I don’t know what this means for my relationship with women, or even my relationship with non-black guys with whom I develop more social relationships than all groups of women and always have. But I do know that I sometimes indirectly get the idea from black women–just from general discussions, not ones directed at or including me–that I am the bad guy or women like me are the bad guy, or “society” is the bad guy, because of my lighter skin color, my hair–especially the fact that I don’t wear my hair natural–and because I don’t immediately run to black people to show that my hair/skin color don’t make me feel that I’m better than them or don’t want to be white. And let me not forget that I’m also a bad guy for all this special treatment that I get because of my hair/skin color–special treatment that I’m not sure is that significant or helpful. If I were going to have a theory about my relationship with black women, this would be one. My theory about other women is they don’t talk to me because I’m black and they’re not, which they’d frame in smokescreen ways such as “we wouldn’t have anything in common.” But this doesn’t explain why some non-black guys are friendly with me.

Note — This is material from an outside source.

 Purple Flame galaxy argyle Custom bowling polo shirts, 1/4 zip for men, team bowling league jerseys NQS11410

I also have to point out that, although I think a lot of people have a different sense, the majority of lesbians don’t view women the way men do. I think many of us react to women much the same way as heterosexual women do because we’re socialized to do so most of our lives. In other words, a lot of us also have the same issues with women as heterosexual women do. When I hear about the same women in Hollywood all the time, like Kim Kardashian, I’m not responding with “XYZ is so hot”–I’m saying that XYZ gets on my nerves! She doesn’t get on my nerves because she’s “too beautiful.” She gets on my nerves because she’s shoved down my throat and because I’m sick of the Hollywood standard of beauty in the US. “She” is not just Kim–it’s pretty much all those Hollywood women who are shoved down everyone’s throats.

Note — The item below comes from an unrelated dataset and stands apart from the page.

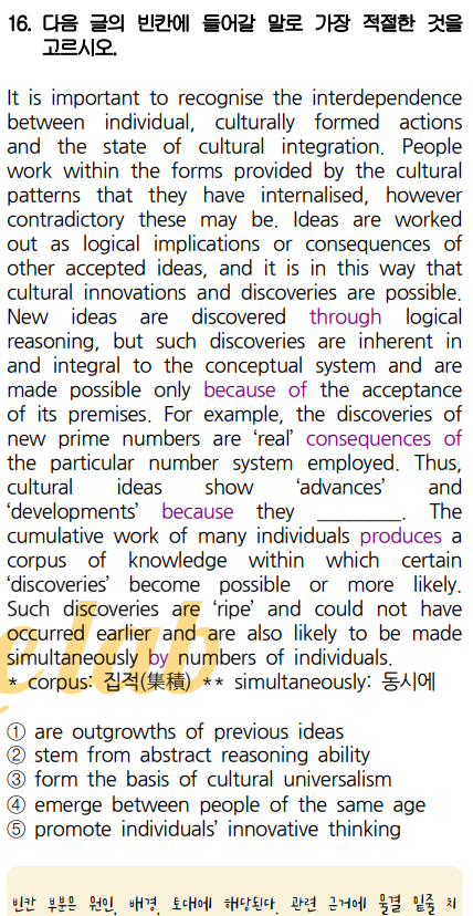 휘랩연구소 교재에서 빈칸 유형 중 제일 처음 학생들에게 가르치는 지문과 일치했습니다.

I don’t hate beautiful women, but I treat beautiful women the way most women treat me. In other words, I’m not mean to them, but I am less likely to interact with them at all than with other women and with men. This is especially true for beautiful non-black women. I have a really good white female friend, and we have talked about this a few times before. She has blonde hair, blue eyes, she’s thin and she cannot get men to leave her alone. I admitted to her that she and I would probably not be friends if we had met in person (we met on the internet). It was not that she was beautiful, which was not and would not have been my first thought about her upon first seeing her picture or if I saw her in person. It was the assumptions I would have made about her based on how she looks, including the fact that she’s white, the fact that she’s stereotypically attractive (even though she doesn’t think she is) and the fact that I’m tired of white women being valued more than other women–especially ones that look more like her. What would she know about 80s rap music (which she does know about)? What would she know about racial consciousness (which she does know about)?

Yes, I am saying that I treat women the way I believe women treat me. But I’m also saying this treatment is usually not based just on a woman’s beauty alone–it’s assumptions and characteristics, or at least that’s my theory.

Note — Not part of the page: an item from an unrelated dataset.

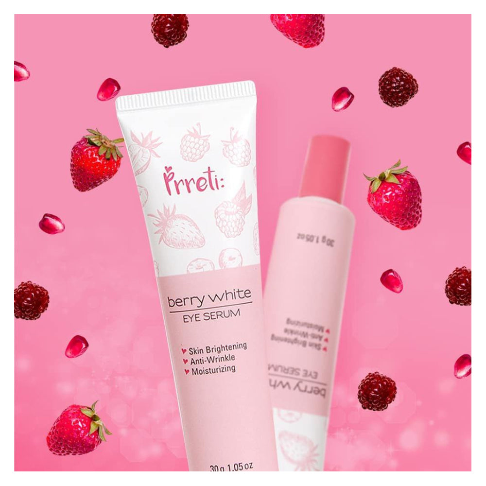 تأثير مزدوج من النياسيناميد و الأدينوسين لتفتيح و ازالة تجاعيد منطقة تحت العين، تحتوي على 6 انواع من التوت: توت الأكاي، والتوت، والتوت، والفراولة، والتوت الأزرق، والتوت الأسود لتنشيط البشرة، والعناية بمنطقة تحت العين.

Ironically, I think attractive women have the most negative assumptions made about them, especially by other women. And assumptions can be a problem even after knowing someone and allegedly being their friend, i.e. how Brick describes women with whom she previously had a friendly relationship becoming cold because the woman assumes her husband is interested in Brick and Brick would engage that interest. However, I have gotten to know some beautiful women and, upon getting to know them, I liked them more. And that was because I could overcome the idea of them that I had in my head by seeing that they were better people than that. Who knows? Maybe Brick’s problem is that she doesn’t overcome the negative assumptions women make about her, and maybe that’s on her. Or maybe these women she knows are that narrowminded. I know I don’t overcome negative assumptions women might hold because I never make any social effort with women, but I can’t say anything about Brick.